Pascual, 50, emigrated to the US as a child with his family from Cuba. His Brookings bio reads:
Carlos Pascual is Vice President & Director of the Foreign Policy Studies Program (FPS) at the Brookings Institution. Mr. Pascual joined Brookings in 2006 after a 23 year career in the United States Department of State, National Security Council (NSC), and the United States Agency for International Development (USAID)…
Before joining Brookings, Mr. Pascual served as Coordinator for Reconstruction and Stabilization at the U.S. Department of State, where he led and organized U.S. government planning to help stabilize and reconstruct societies in transition from conflict or civil strife. Prior to that, he was Coordinator for U.S. Assistance to Europe and Eurasia (2003), where he oversaw regional and country assistance strategies to promote market-oriented and democratic states. From October 2000 until August 2003, Mr. Pascual served as U.S. Ambassador to Ukraine. From July 1998 to January 2000, Mr. Pascual served as Special Assistant to the President and NSC Senior Director for Russia, Ukraine and Eurasia, and from 1995 to 1998 as Director for the same region. From 1983 to 1995, Mr. Pascual worked for USAID in Sudan, South Africa, and Mozambique and as Deputy Assistant Administrator for Europe and Eurasia.
The “Shock Doctor”: Carlos Pascual
So, despite all the rhetorical claims by Clinton and US officials that the regime of illegitimate president Felipe Calderon (who grabbed the Mexican presidency in 2006 through a massive electoral fraud that demonstrably stole or stuffed 1.5 million votes from or to the ballot boxes) has everything under control (“I don’t believe there is any ungovernable area in Mexico,” Clinton insisted to Mexican reporters yesterday) the appointment of Pacual, if it comes to pass, would indicate otherwise.

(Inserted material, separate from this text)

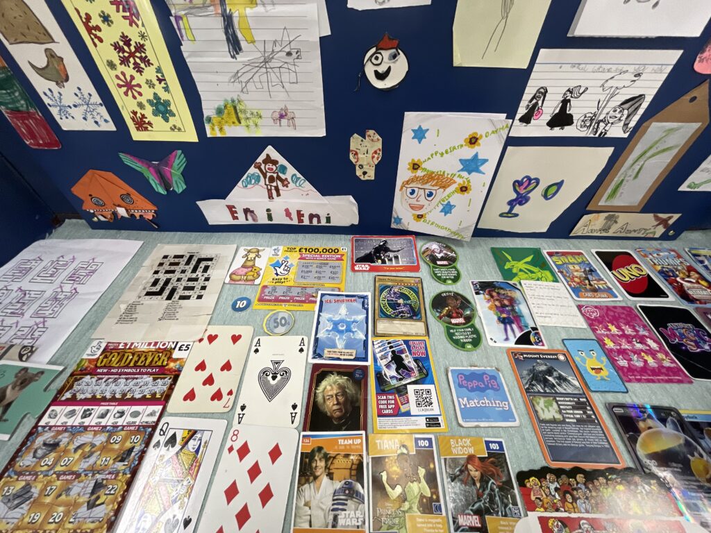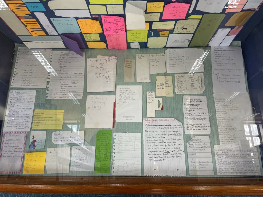 Items in display cases on both the ground floor and first floor include handwritten notes and bank notes, postcards and playing cards, pressed flowers, doodles, and of course bookmarks – lots and lots of bookmarks

Author Naomi Klein, in 2005, tagged Pascual as a key architect of “shock doctrine” policies:
On August 5, 2004, the White House created the Office of the Coordinator for Reconstruction and Stabilization, headed by former US Ambassador to Ukraine, Carlos Pascual. Its mandate is to draw up elaborate “post conflict” plans for up to twenty-five countries that are not, as of yet, in conflict. According to Pascual, it will also be able to coordinate three full-scale reconstruction operations in different countries “at the same time,” each lasting “five to seven years.”…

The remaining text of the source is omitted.